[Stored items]
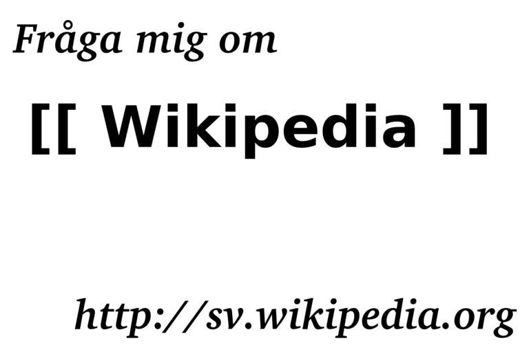 | Keywords: Wikipedia-askme-sv.png Proposed text layout for back side of Swedish Wikipedia t-shirt 2400x1600 PNG black text with transparent background The text says Ask me about Wikipedia in Swedish and the URL Made with GIMP using the fonts Bitstream Vera Sans Bold Non-Rotated 260 px and Bitstream Charter Bold Italic Non-Rotated 192 px This design was inspired by one of the German t-shirts The proposed front of the same t-shirt is image wikipedia-logo-sv-large png Own LA2 Swedish Wikipedia Wikipedia T-shirt drawings without the logo MediaWiki brackets |
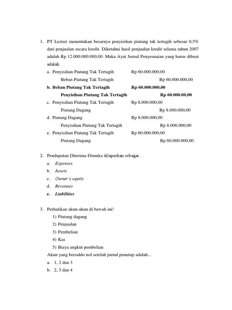PT Lestari menentukan besarnya penyisihan piutang tak tertagih sebesar 0,5%
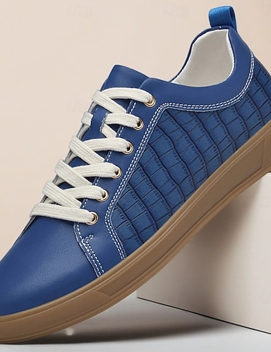 Herren Freizeitschuhe Krokodilmuster Spaziergang Lässig Leder Spaltleder Bequem Rutschfest Atmungsaktiv Schnürung Schwarz Blau Orange
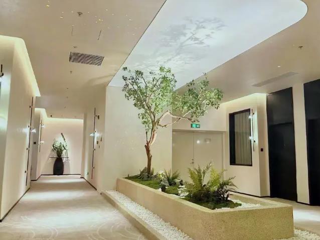 侘寂美學(xué)與現(xiàn)代簡(jiǎn)約融合,公區(qū)綠植、螢火蟲燈營(yíng)造靜謐藝術(shù)氛圍。
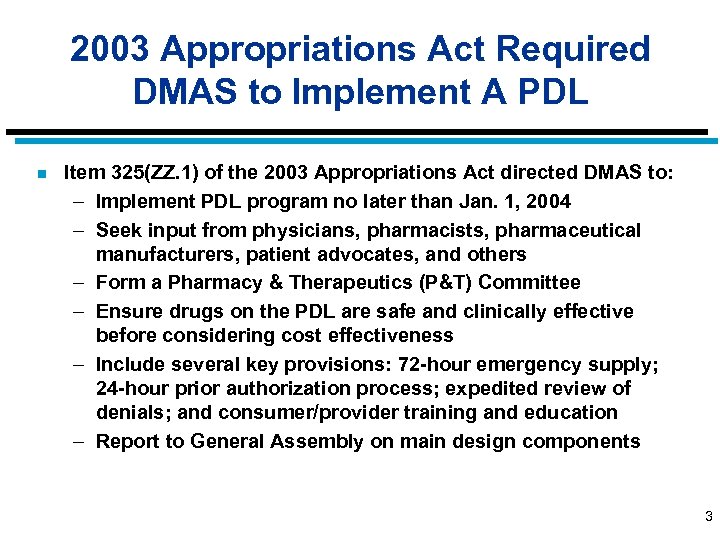 2003 Appropriations Act Required DMAS to Implement A PDL n Item 325(ZZ. 1) of the 2003 Appropriations Act directed DMAS to: – Implement PDL program no later than Jan. 1, 2004 – Seek input from physicians, pharmacists, pharmaceutical manufacturers, patient advocates, and others – Form a Pharmacy & Therapeutics (P&T) Committee – Ensure drugs on the PDL are safe and clinically effective before considering cost effectiveness – Include several key provisions: 72 -hour emergency supply; 24 -hour prior authorization process; expedited review of denials; and consumer/provider training and education – Report to General Assembly on main design components 3

Prompt:
Although pictures appear among the entries, please set down only the lines from the one with "PT Lestari menentukan" up to and including the one with "Herren Freizeitschuhe Krokodilmuster", word for word.

Exercise solution:
PT Lestari menentukan besarnya penyisihan piutang tak tertagih sebesar 0,5%
 Herren Freizeitschuhe Krokodilmuster Spaziergang Lässig Leder Spaltleder Bequem Rutschfest Atmungsaktiv Schnürung Schwarz Blau Orange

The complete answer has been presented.